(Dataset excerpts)
● ● ● ● ● ● ●
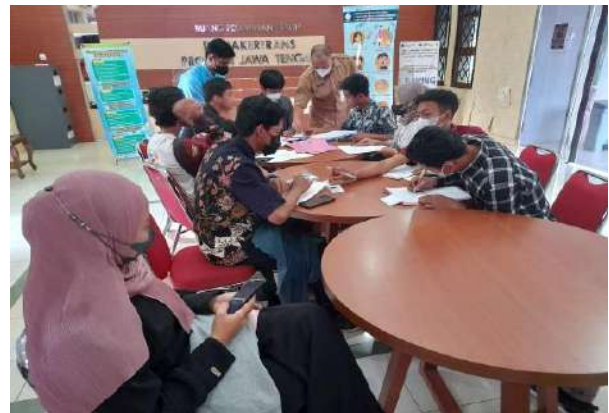
Pelayanan Informasi Ke Masyarakat Terkait Magang Jepang
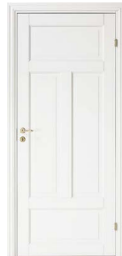
Kungsäter 523 Standard vit
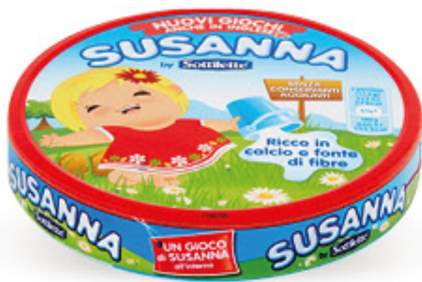
SUSANNA 8 FORMAGGINI G 140
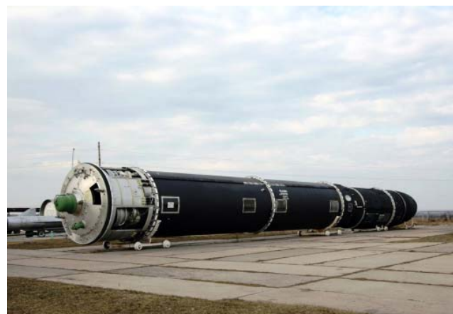
МБР «Сармат» – перспективный стратегический ракетный комплекс 5-го поколения. Штатная загрузка одной ракеты позволяет уничтожить территорию размером с Техас. Не имеет аналогов в мире.
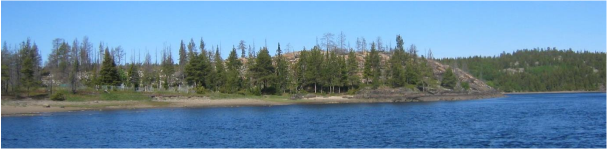
Kuva 72. Umban kalmosaari.
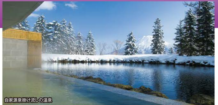
自家源泉掛け流しの温泉
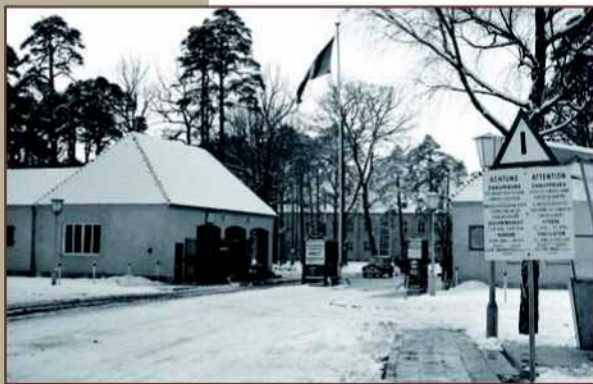
Le quartier Napoléon, février 1955.

Capitale en ruines d'un III e Reich qui devait durer mille ans, Berlin acquiert vite après 1945 un nouveau statut imposé par la guerre froide. Le partage de la ville entre les ex-Alliés en fait le baromètre de la confrontation Est-Ouest dont certains soubresauts ont des répercussions directes sur l'agglomération. Dans le secteur français, les militaires assistent à cette évolution qui conduit à redéfinir leur mission initiale d'occupation.
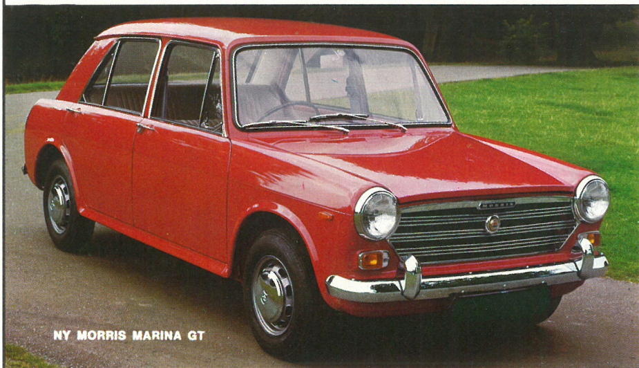
NY MORRIS MARINA GT

Den raffinerede Morris Marina med de overlegne køreegenskaber kommer til april som GT-model med 1,3 liter motor, større bremses, fastback og nyt interiør med mange lækre detaljer - og rykker dermed op i klassen, hvor krævende GT-kørere søger deres biler - og til excl. lev. ca. kr. 22.000,-
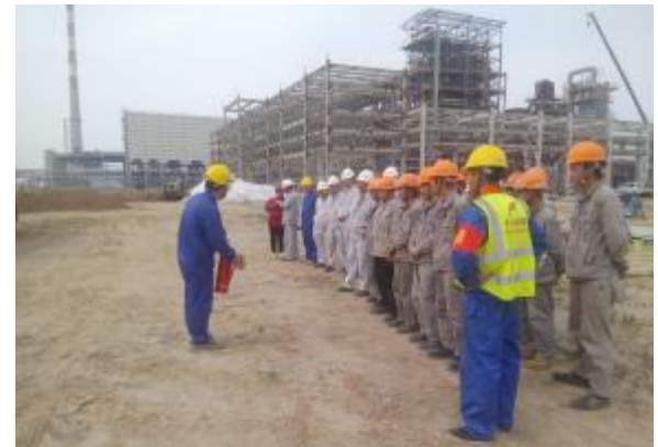
上海分公司山东新和成项目开展消防演练
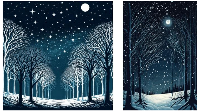
(그림 1) 별이 빛나는 밤 주제 작품 (좌: AI, 우: Hansuan_Fabregas of Pixabay illustrator [https://pixabay.com/vectors/snow-christmas-starry-night-7637124/])

작품 선정은 기술적 완성도, 창의성, 주제의 표현력을 기준으로 이루어졌다.
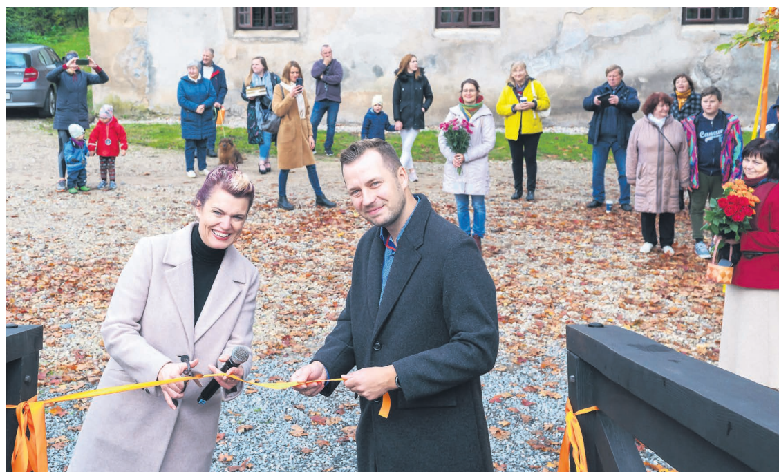
Aizvadītā mēnesī Smārdes pagastā atklāja Šlokenbekas muižas saliņu, noasfaltēja ceļa posmu Milzkalnē, atklāja mākslas studiju Smārdes pagastmājā, atzīmēja Vēju dārza 10 gadu jubileju, bet pāri visam – Lielajā ciemā lēca "Stirnu buks".

Milzkalnē veikta asfalta seguma izbūve pašvaldības autotceļam "Ventpsitjs šoseja–Jurģeļi–Bērziņu karjers–Milzkalnes stacija" projekta 4. kārtā – visišākajā, taču noslogotākajā ceļa posmā. Ar paugstinātas stiprības asfaltbetona segumu pašvaldība izbūvējusi puskilometru garu ceļa posmu no Milzkalnes dzelzceļa stacijas pārbrauktuves līdz Dur-
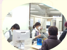
受付はまだ大忙し
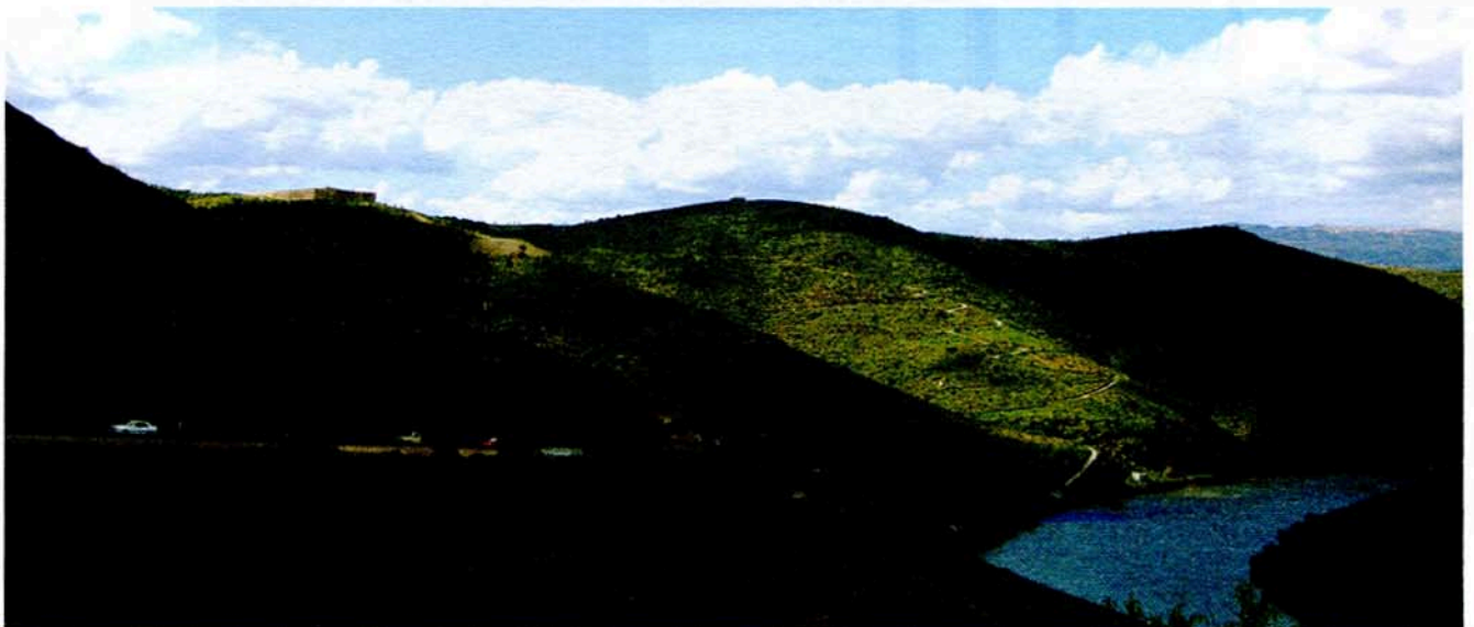
O Museu do Côa sobranceiro ao rio Douro (Do museu ao rio Douro distam apenas 550 metros)

Não se podem assacar responsabilidades apenas à Administração Central, nem continuar à espera que o Governo Central ou Local resolva todos os "nossos" problemas. É indispensável que estas entidades públicas se entendam com o tecido
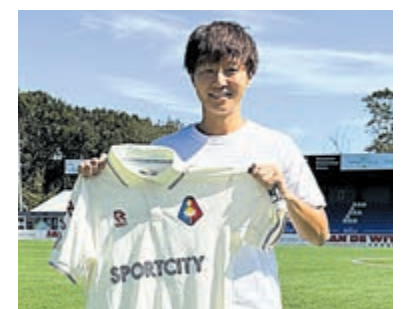
Met het aantrekken van de Japanse spelverdeler heeft Telstar de selectie voor het komende seizoen rond.

mogelijk verwerven van de teamtactiek en het team te helpen verbeteren en de nieuw gestelde doelen voor het komende seizoen te bereiken. Ik beschouw mezelf als een teamspeler met een aanvallende stijl en ben van plan bij te dragen met doelpunten en assists.”
● ● ● ● ● ● ●
Take the entries shown above and quote them verbatim, passing over the pictures.

Pelayanan Informasi Ke Masyarakat Terkait Magang Jepang
Kungsäter 523 Standard vit
SUSANNA 8 FORMAGGINI G 140
МБР «Сармат» – перспективный стратегический ракетный комплекс 5-го поколения. Штатная загрузка одной ракеты позволяет уничтожить территорию размером с Техас. Не имеет аналогов в мире.
Kuva 72. Umban kalmosaari.
自家源泉掛け流しの温泉
Le quartier Napoléon, février 1955.

Capitale en ruines d'un III e Reich qui devait durer mille ans, Berlin acquiert vite après 1945 un nouveau statut imposé par la guerre froide. Le partage de la ville entre les ex-Alliés en fait le baromètre de la confrontation Est-Ouest dont certains soubresauts ont des répercussions directes sur l'agglomération. Dans le secteur français, les militaires assistent à cette évolution qui conduit à redéfinir leur mission initiale d'occupation.
NY MORRIS MARINA GT

Den raffinerede Morris Marina med de overlegne køreegenskaber kommer til april som GT-model med 1,3 liter motor, større bremses, fastback og nyt interiør med mange lækre detaljer - og rykker dermed op i klassen, hvor krævende GT-kørere søger deres biler - og til excl. lev. ca. kr. 22.000,-
上海分公司山东新和成项目开展消防演练
(그림 1) 별이 빛나는 밤 주제 작품 (좌: AI, 우: Hansuan_Fabregas of Pixabay illustrator [https://pixabay.com/vectors/snow-christmas-starry-night-7637124/])

작품 선정은 기술적 완성도, 창의성, 주제의 표현력을 기준으로 이루어졌다.
Aizvadītā mēnesī Smārdes pagastā atklāja Šlokenbekas muižas saliņu, noasfaltēja ceļa posmu Milzkalnē, atklāja mākslas studiju Smārdes pagastmājā, atzīmēja Vēju dārza 10 gadu jubileju, bet pāri visam – Lielajā ciemā lēca "Stirnu buks".

Milzkalnē veikta asfalta seguma izbūve pašvaldības autotceļam "Ventpsitjs šoseja–Jurģeļi–Bērziņu karjers–Milzkalnes stacija" projekta 4. kārtā – visišākajā, taču noslogotākajā ceļa posmā. Ar paugstinātas stiprības asfaltbetona segumu pašvaldība izbūvējusi puskilometru garu ceļa posmu no Milzkalnes dzelzceļa stacijas pārbrauktuves līdz Dur-
受付はまだ大忙し
O Museu do Côa sobranceiro ao rio Douro (Do museu ao rio Douro distam apenas 550 metros)

Não se podem assacar responsabilidades apenas à Administração Central, nem continuar à espera que o Governo Central ou Local resolva todos os "nossos" problemas. É indispensável que estas entidades públicas se entendam com o tecido
Met het aantrekken van de Japanse spelverdeler heeft Telstar de selectie voor het komende seizoen rond.

mogelijk verwerven van de teamtactiek en het team te helpen verbeteren en de nieuw gestelde doelen voor het komende seizoen te bereiken. Ik beschouw mezelf als een teamspeler met een aanvallende stijl en ben van plan bij te dragen met doelpunten en assists.”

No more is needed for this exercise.